Informacoes sobre ordens
| Nome do Produto | Numero de Catalogo | UNID | Preco | Qde | FAVORITOS | |
MsrB2 Plasmídeo duplo de Nickase (h) | sc-411635-NIC | 20 µg | $410.00 | |||
MsrB2 Plasmídeo duplo de Nickase (h2) | sc-411635-NIC-2 | 20 µg | $410.00 |
O MSRB2 codifica a metionina sulfóxido redutase B2 (MsrB2), uma enzima mitocondrial que catalisa a redução estereoespecífica de resíduos de metionina-R-sulfóxido de volta a metionina, ajudando a manter a função proteica sob estresse oxidativo. Ao reparar metionina oxidada e sustentar a homeostase redox, a MsrB2 contribui para o controle de qualidade mitocondrial, o manejo de espécies reativas de oxigênio e vias de proteostase que influenciam a sobrevivência e o metabolismo celular. Alterações na atividade ou na expressão de MSRB2 têm sido associadas a fenótipos de dano oxidativo relevantes para neurodegeneração, desregulação metabólica e adaptação ao estresse associada ao câncer. Assim, o MSRB2 é frequentemente estudado em contextos de disfunção mitocondrial, sinalização redox e redes gênicas responsivas ao estresse.

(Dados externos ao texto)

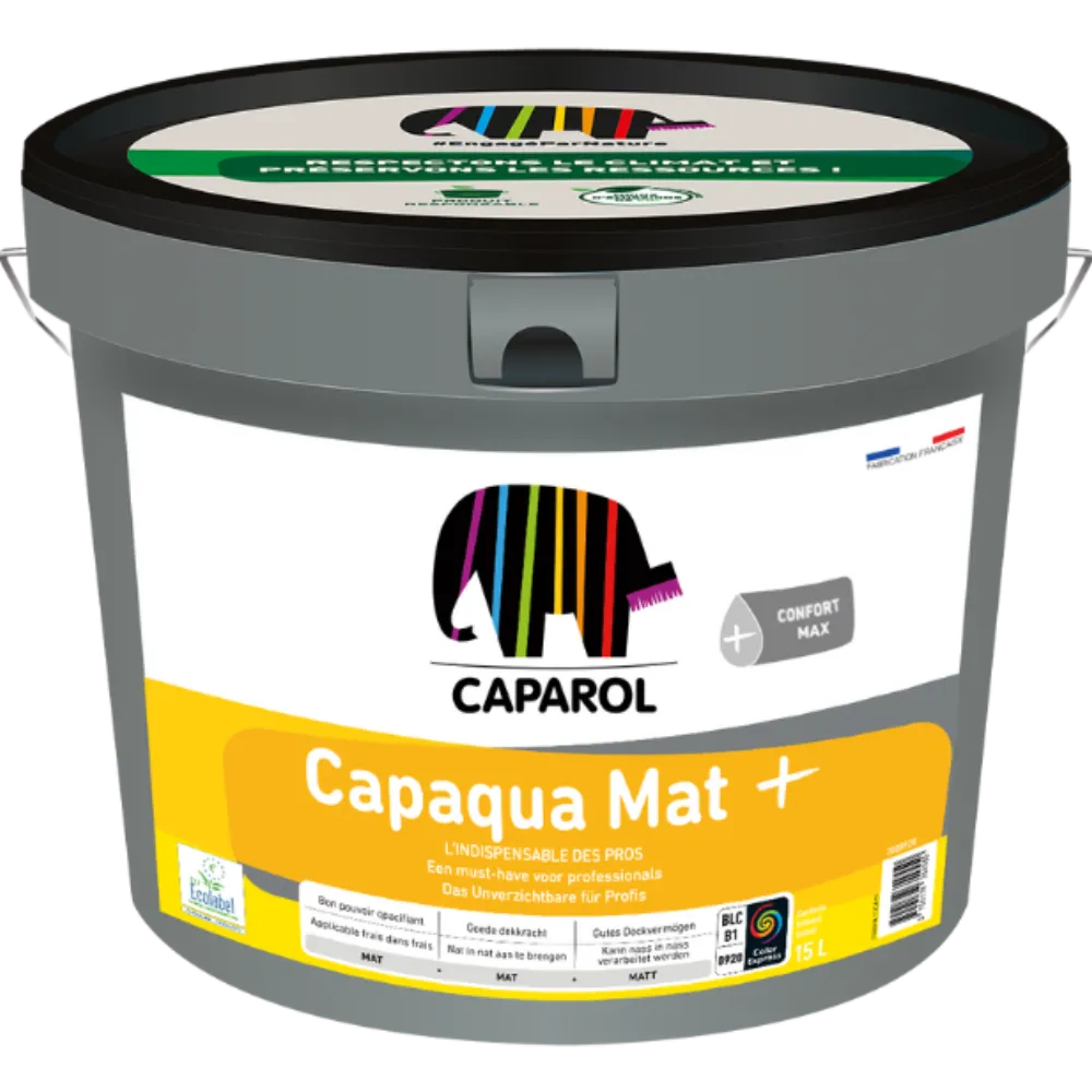 Capaqua Mat + est utilisable en intérieur pour la mise en peinture ou la rénovation de murs et plafonds. Dotée d'un bon pouvoir opacifiant dès la première couche, elle est idéale pour une application en pièces sèches, elle offre également un temps d'ouverture optimal facilitant au maximum son confort d'application et limitant efficacement la présence de traces de reprises.

MsrB2 O Plasmídeo de Nickase Dupla (h) consiste num par de plasmídeos combinados, concebidos para a edição de alta especificidade do locus MSRB2 em linhas celulares human. Cada plasmídeo expressa uma nickase Cas9 D10A e um sgRNA distinto que tem como alvo cadeias de ADN opostas dentro de MSRB2. Quando direcionadas para locais adjacentes em cadeias de ADN opostas, as duas nickases geram cortes deslocados numa única cadeia que, em conjunto, produzem uma quebra escalonada de cadeia dupla, exigindo uma atividade coordenada no alvo por parte de ambas as guias. A quebra de ADN resultante é resolvida por vias de reparação celular endógenas, mais frequentemente através da junção de extremidades não homólogas (NHEJ), levando a inserções ou deleções que perturbam a função MSRB2. Ao exigir o envolvimento de dois sgRNA no locus alvo, a abordagem de dupla nickase aumenta a especificidade da edição e fornece uma estratégia CRISPR complementar para aplicações em que se deseja um controlo adicional sobre a precisão do direcionamento.
Para apoiar a identificação eficiente das células editadas, um plasmídeo codifica GFP para visualização fluorescente das populações transfectadas, enquanto o plasmídeo complementar transporta um gene de resistência à puromicina para seleção antibiótica. Em conjunto, estas características apoiam o enriquecimento eficiente das populações co-transfectadas e simplificam a validação dos clones com MSRB2 interrompido.
Apenas para uso em investigação. Não se destina a uso diagnóstico ou terapêutico.